== THE TASK ==
Apart from the pictures, write out the records that follow exactly.

==================================================

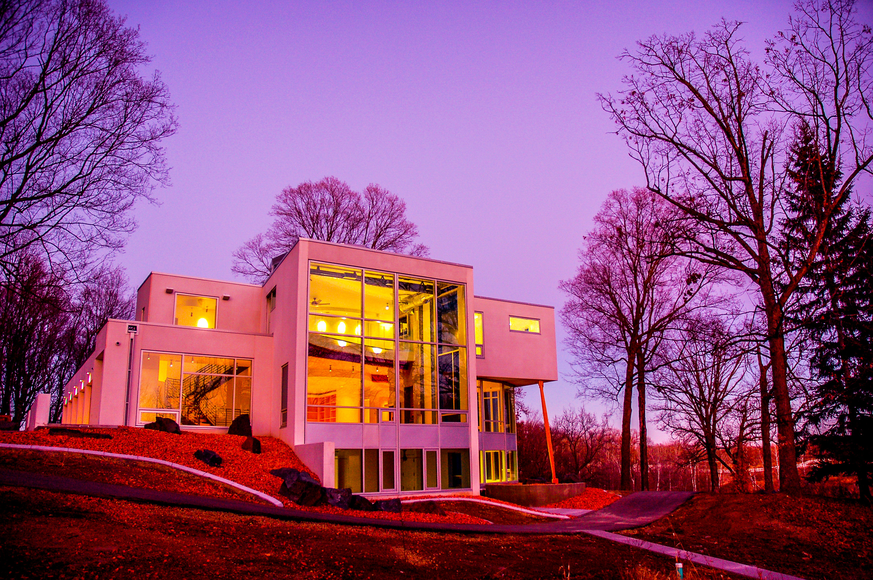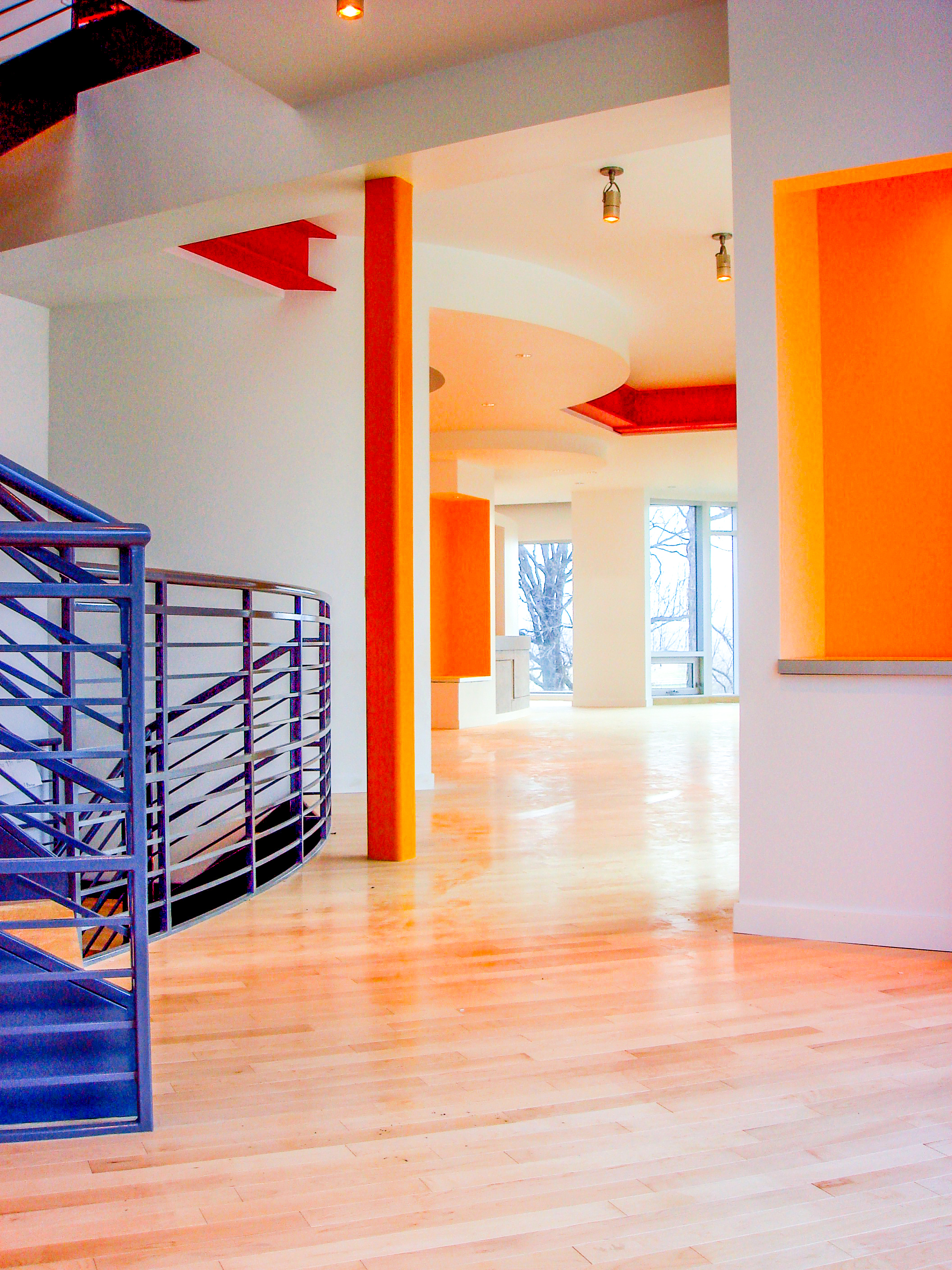 In this residence for an eye surgeon, International Style Modernism is adapted to express the mechanisms and anatomy of the human eye. The style also accommodates the methodology of the construction techniques and energy saving strategies employed. A 4-story oculus centers the plan and brings light to the core of the home. Light regulating devices from moveable screens to carefully framed views of the landscape refer light and activities to the ocular core. The home is constructed entirely of super-insulated precast concrete planks and panels on a recycled steel framework. It also features geothermal heating and cooling and high-efficiency glass.
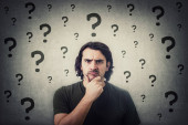 Zdjęcie "Biznesmen trzyma rękę pod podbródkiem, troskliwy gest, patrząc w przyszłość skupiony, myśląc o odpowiedziach na różne pytania w głowie. Symbole znaków przesłuchania. Zamyślony student rozważa rozwiązania." może być wykorzystywane do celów osobistych i komercyjnych zgodnie z warunkami zakupionej licencji Royalty-free. Obraz jest dostępny do pobrania w jakości wysokiej rozdzielczości do 5760x3840.
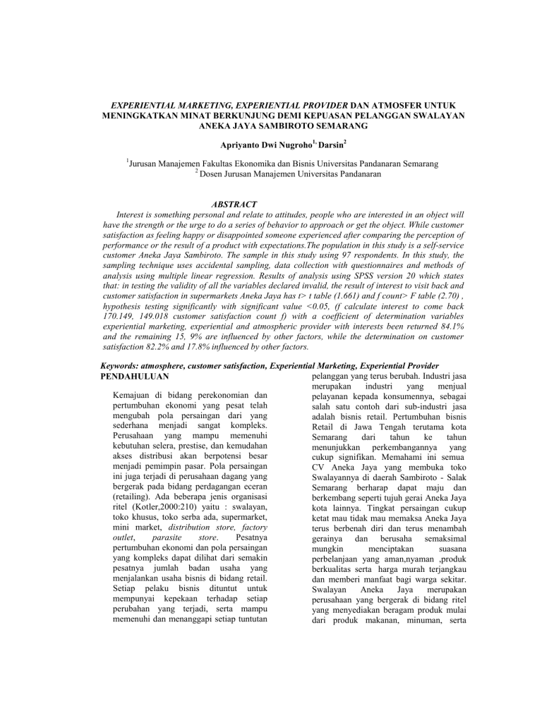 EXPERIENTIAL MARKETING, EXPERIENTIAL PROVIDER DAN ATMOSFER UNTUK MENINGKATKAN MINAT BERKUNJUNG DEMI KEPUASAN PELANGGAN SWALAYAN ANEKA JAYA SAMBIROTO SEMARANG Apriyanto Dwi Nugroho1, Darsin2 1 Jurusan Manajemen Fakultas Ekonomika dan Bisnis Universitas Pandanaran Semarang 2 Dosen Jurusan Manajemen Universitas Pandanaran ABSTRACT Interest is something personal and relate to attitudes, people who are interested in an object will have the strength or the urge to do a series of behavior to approach or get the object. While customer satisfaction as feeling happy or disappointed someone experienced after comparing the perception of performance or the result of a product with expectations.The population in this study is a self-service customer Aneka Jaya Sambiroto. The sample in this study using 97 respondents. In this study, the sampling technique uses accidental sampling, data collection with questionnaires and methods of analysis using multiple linear regression. Results of analysis using SPSS version 20 which states that: in testing the validity of all the variables declared invalid, the result of interest to visit back and customer satisfaction in supermarkets Aneka Jaya has t> t table (1.661) and f count> F table (2.70) , hypothesis testing significantly with significant value <0.05, (f calculate interest to come back 170.149, 149.018 customer satisfaction count f) with a coefficient of determination variables experiential marketing, experiential and atmospheric provider with interests been returned 84.1% and the remaining 15, 9% are influenced by other factors, while the determination on customer satisfaction 82.2% and 17.8% influenced by other factors. Keywords: atmosphere, customer satisfaction, Experiential Marketing, Experiential Provider pelanggan yang terus berubah. Industri jasa PENDAHULUAN merupakan industri yang menjual Kemajuan di bidang perekonomian dan pelayanan kepada konsumennya, sebagai pertumbuhan ekonomi yang pesat telah salah satu contoh dari sub-industri jasa mengubah pola persaingan dari yang adalah bisnis retail. Pertumbuhan bisnis sederhana menjadi sangat kompleks. Retail di Jawa Tengah terutama kota Perusahaan yang mampu memenuhi Semarang dari tahun ke tahun kebutuhan selera, prestise, dan kemudahan menunjukkan perkembangannya yang akses distribusi akan berpotensi besar cukup signifikan. Memahami ini semua menjadi pemimpin pasar. Pola persaingan CV Aneka Jaya yang membuka toko ini juga terjadi di perusahaan dagang yang Swalayannya di daerah Sambiroto - Salak bergerak pada bidang perdagangan eceran Semarang berharap dapat maju dan (retailing). Ada beberapa jenis organisasi berkembang seperti tujuh gerai Aneka Jaya ritel (Kotler,2000:210) yaitu : swalayan, kota lainnya. Tingkat persaingan cukup toko khusus, toko serba ada, supermarket, ketat mau tidak mau memaksa Aneka Jaya mini market, distribution store, factory terus berbenah diri dan terus menambah outlet, parasite store. Pesatnya gerainya dan berusaha semaksimal pertumbuhan ekonomi dan pola persaingan mungkin menciptakan suasana yang kompleks dapat dilihat dari semakin perbelanjaan yang aman,nyaman ,produk pesatnya jumlah badan usaha yang berkualitas serta harga murah terjangkau menjalankan usaha bisnis di bidang retail. dan memberi manfaat bagi warga sekitar. Setiap pelaku bisnis dituntut untuk Swalayan Aneka Jaya merupakan mempunyai kepekaan terhadap setiap perusahaan yang bergerak di bidang ritel perubahan yang terjadi, serta mampu yang menyediakan beragam produk mulai memenuhi dan menanggapi setiap tuntutan dari produk makanan, minuman, serta berbagai macam perlengkapan rumah tangga dengan beragam jenis variasi dan merek dengan slogan “Lebih Lengkap, Lebih Hemat, Lebih Dekat”. Produkproduknya pun beraneka ragam sesuai dengan slogan yang dimiliki, ini terlihat dari berbagai merek, ukuran, warna, serta kualitas produk tiap-tiap jenis yang ditawarkan oleh Swalayan Aneka Jaya Selain menawarkan ragam produk yang lengkap, pelayanan yang baik turut diusahakan oleh Swalayan Aneka Jaya Sambiroto dengan merekrut pramuniaga yang ramah, terampil dan memiliki pengetahuan produk yang lengkap, diikuti jam buka toko yang lumayan panjang yakni dari jam 09.00 hingga 21.00 WIB. Di samping itu perusahaan menugaskan karyawan untuk selalu memastikan kebersihan lantai dan ruangan setiap saat agar konsumen merasa nyaman ketika berbelanja. Persepsi nyaman juga dihasilkan dari pencahayaan dalam toko yang terang, iringan musik, aroma yang wangi. Strategi tersebut tentunya dimaksudkan untuk meningkatkan penjualan. Dalam hal ini swalayan aneka jaya dituntut untuk tetap bertahan dan meningkatkan jumlah pendapatan serta terciptanya loyalitas pelanggan. Strateginya adalah melalui experiential marketing,experintal provider dan minat berkunjung kembali. TINJAUAN PUSTAKA 1. Experiential Marketing Menurut Schmitt (2004:22) mengatakan bahwa experiential marketing adalah kemampuan dari suatu produk dalam menawarkanpengalaman emosi hingga menyentuh hati dan perasaan konsumen. 2. Experiential Provider Perangkat dari SEMs (Strategi Experience Moduls) dapat dibentuk melalui Expros (Experiential Providers). Expros sendiri merupakan alat taktis yang dapat membentuk Sense, Feel, Think, Act, dan Relate. 3. Atmosfer Menurut Kotler (2005), atmosfer adalah suasana terencana yang sesuai dengan pasar sasarannya dan yang dapat menarik konsumen untuk membeli. 4. Minat Berkunjung Kembali Fornell (2001) menyatakan bahwa konsumen atau pelanggan yang puas akan melakukan kunjungan ulang pada waktu yang akan datang dan memberitahukan kepada orang lain atas jasa yang dirasakan. Model lain dikemukakan oleh Betner & Spencer yaitu adanya perilaku masa lampau yang dapat mempengaruhi minat secara langsung dan perilaku mengkonsumsi ulang pada waktu yang akan datang. 5. Kepuasan Pelanggan Menurut Kotler (2003: 61) mendefinisikan kepuasan sebagai perasaan senang atau kecewa seseorang yang dialami setelah membandingkan antara persepsi kinerja atau hasil suatu produk dengan
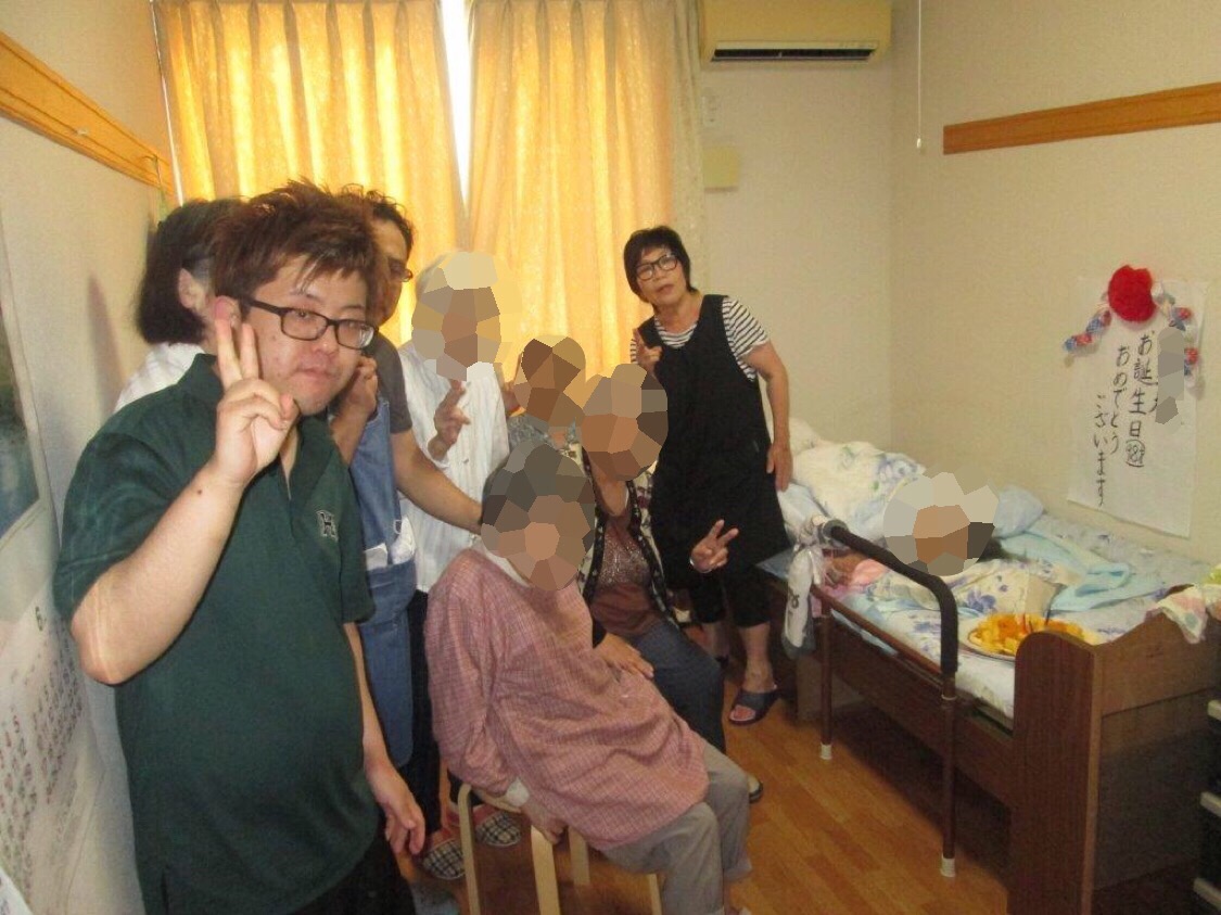 お誕生日を迎えられたご利用者様のお部屋にお邪魔して記念撮影をしました
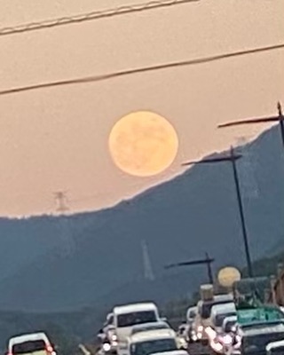車の中から一瞬のできごとでしたので、「あっ、月がきれいだ!」とすぐに写真に収めましたが、斜めになってしまいました。

==================================================

== SOLUTION BELOW ==
 In this residence for an eye surgeon, International Style Modernism is adapted to express the mechanisms and anatomy of the human eye. The style also accommodates the methodology of the construction techniques and energy saving strategies employed. A 4-story oculus centers the plan and brings light to the core of the home. Light regulating devices from moveable screens to carefully framed views of the landscape refer light and activities to the ocular core. The home is constructed entirely of super-insulated precast concrete planks and panels on a recycled steel framework. It also features geothermal heating and cooling and high-efficiency glass.
 Zdjęcie "Biznesmen trzyma rękę pod podbródkiem, troskliwy gest, patrząc w przyszłość skupiony, myśląc o odpowiedziach na różne pytania w głowie. Symbole znaków przesłuchania. Zamyślony student rozważa rozwiązania." może być wykorzystywane do celów osobistych i komercyjnych zgodnie z warunkami zakupionej licencji Royalty-free. Obraz jest dostępny do pobrania w jakości wysokiej rozdzielczości do 5760x3840.
 EXPERIENTIAL MARKETING, EXPERIENTIAL PROVIDER DAN ATMOSFER UNTUK MENINGKATKAN MINAT BERKUNJUNG DEMI KEPUASAN PELANGGAN SWALAYAN ANEKA JAYA SAMBIROTO SEMARANG Apriyanto Dwi Nugroho1, Darsin2 1 Jurusan Manajemen Fakultas Ekonomika dan Bisnis Universitas Pandanaran Semarang 2 Dosen Jurusan Manajemen Universitas Pandanaran ABSTRACT Interest is something personal and relate to attitudes, people who are interested in an object will have the strength or the urge to do a series of behavior to approach or get the object. While customer satisfaction as feeling happy or disappointed someone experienced after comparing the perception of performance or the result of a product with expectations.The population in this study is a self-service customer Aneka Jaya Sambiroto. The sample in this study using 97 respondents. In this study, the sampling technique uses accidental sampling, data collection with questionnaires and methods of analysis using multiple linear regression. Results of analysis using SPSS version 20 which states that: in testing the validity of all the variables declared invalid, the result of interest to visit back and customer satisfaction in supermarkets Aneka Jaya has t> t table (1.661) and f count> F table (2.70) , hypothesis testing significantly with significant value <0.05, (f calculate interest to come back 170.149, 149.018 customer satisfaction count f) with a coefficient of determination variables experiential marketing, experiential and atmospheric provider with interests been returned 84.1% and the remaining 15, 9% are influenced by other factors, while the determination on customer satisfaction 82.2% and 17.8% influenced by other factors. Keywords: atmosphere, customer satisfaction, Experiential Marketing, Experiential Provider pelanggan yang terus berubah. Industri jasa PENDAHULUAN merupakan industri yang menjual Kemajuan di bidang perekonomian dan pelayanan kepada konsumennya, sebagai pertumbuhan ekonomi yang pesat telah salah satu contoh dari sub-industri jasa mengubah pola persaingan dari yang adalah bisnis retail. Pertumbuhan bisnis sederhana menjadi sangat kompleks. Retail di Jawa Tengah terutama kota Perusahaan yang mampu memenuhi Semarang dari tahun ke tahun kebutuhan selera, prestise, dan kemudahan menunjukkan perkembangannya yang akses distribusi akan berpotensi besar cukup signifikan. Memahami ini semua menjadi pemimpin pasar. Pola persaingan CV Aneka Jaya yang membuka toko ini juga terjadi di perusahaan dagang yang Swalayannya di daerah Sambiroto - Salak bergerak pada bidang perdagangan eceran Semarang berharap dapat maju dan (retailing). Ada beberapa jenis organisasi berkembang seperti tujuh gerai Aneka Jaya ritel (Kotler,2000:210) yaitu : swalayan, kota lainnya. Tingkat persaingan cukup toko khusus, toko serba ada, supermarket, ketat mau tidak mau memaksa Aneka Jaya mini market, distribution store, factory terus berbenah diri dan terus menambah outlet, parasite store. Pesatnya gerainya dan berusaha semaksimal pertumbuhan ekonomi dan pola persaingan mungkin menciptakan suasana yang kompleks dapat dilihat dari semakin perbelanjaan yang aman,nyaman ,produk pesatnya jumlah badan usaha yang berkualitas serta harga murah terjangkau menjalankan usaha bisnis di bidang retail. dan memberi manfaat bagi warga sekitar. Setiap pelaku bisnis dituntut untuk Swalayan Aneka Jaya merupakan mempunyai kepekaan terhadap setiap perusahaan yang bergerak di bidang ritel perubahan yang terjadi, serta mampu yang menyediakan beragam produk mulai memenuhi dan menanggapi setiap tuntutan dari produk makanan, minuman, serta berbagai macam perlengkapan rumah tangga dengan beragam jenis variasi dan merek dengan slogan “Lebih Lengkap, Lebih Hemat, Lebih Dekat”. Produkproduknya pun beraneka ragam sesuai dengan slogan yang dimiliki, ini terlihat dari berbagai merek, ukuran, warna, serta kualitas produk tiap-tiap jenis yang ditawarkan oleh Swalayan Aneka Jaya Selain menawarkan ragam produk yang lengkap, pelayanan yang baik turut diusahakan oleh Swalayan Aneka Jaya Sambiroto dengan merekrut pramuniaga yang ramah, terampil dan memiliki pengetahuan produk yang lengkap, diikuti jam buka toko yang lumayan panjang yakni dari jam 09.00 hingga 21.00 WIB. Di samping itu perusahaan menugaskan karyawan untuk selalu memastikan kebersihan lantai dan ruangan setiap saat agar konsumen merasa nyaman ketika berbelanja. Persepsi nyaman juga dihasilkan dari pencahayaan dalam toko yang terang, iringan musik, aroma yang wangi. Strategi tersebut tentunya dimaksudkan untuk meningkatkan penjualan. Dalam hal ini swalayan aneka jaya dituntut untuk tetap bertahan dan meningkatkan jumlah pendapatan serta terciptanya loyalitas pelanggan. Strateginya adalah melalui experiential marketing,experintal provider dan minat berkunjung kembali. TINJAUAN PUSTAKA 1. Experiential Marketing Menurut Schmitt (2004:22) mengatakan bahwa experiential marketing adalah kemampuan dari suatu produk dalam menawarkanpengalaman emosi hingga menyentuh hati dan perasaan konsumen. 2. Experiential Provider Perangkat dari SEMs (Strategi Experience Moduls) dapat dibentuk melalui Expros (Experiential Providers). Expros sendiri merupakan alat taktis yang dapat membentuk Sense, Feel, Think, Act, dan Relate. 3. Atmosfer Menurut Kotler (2005), atmosfer adalah suasana terencana yang sesuai dengan pasar sasarannya dan yang dapat menarik konsumen untuk membeli. 4. Minat Berkunjung Kembali Fornell (2001) menyatakan bahwa konsumen atau pelanggan yang puas akan melakukan kunjungan ulang pada waktu yang akan datang dan memberitahukan kepada orang lain atas jasa yang dirasakan. Model lain dikemukakan oleh Betner & Spencer yaitu adanya perilaku masa lampau yang dapat mempengaruhi minat secara langsung dan perilaku mengkonsumsi ulang pada waktu yang akan datang. 5. Kepuasan Pelanggan Menurut Kotler (2003: 61) mendefinisikan kepuasan sebagai perasaan senang atau kecewa seseorang yang dialami setelah membandingkan antara persepsi kinerja atau hasil suatu produk dengan
 お誕生日を迎えられたご利用者様のお部屋にお邪魔して記念撮影をしました
車の中から一瞬のできごとでしたので、「あっ、月がきれいだ!」とすぐに写真に収めましたが、斜めになってしまいました。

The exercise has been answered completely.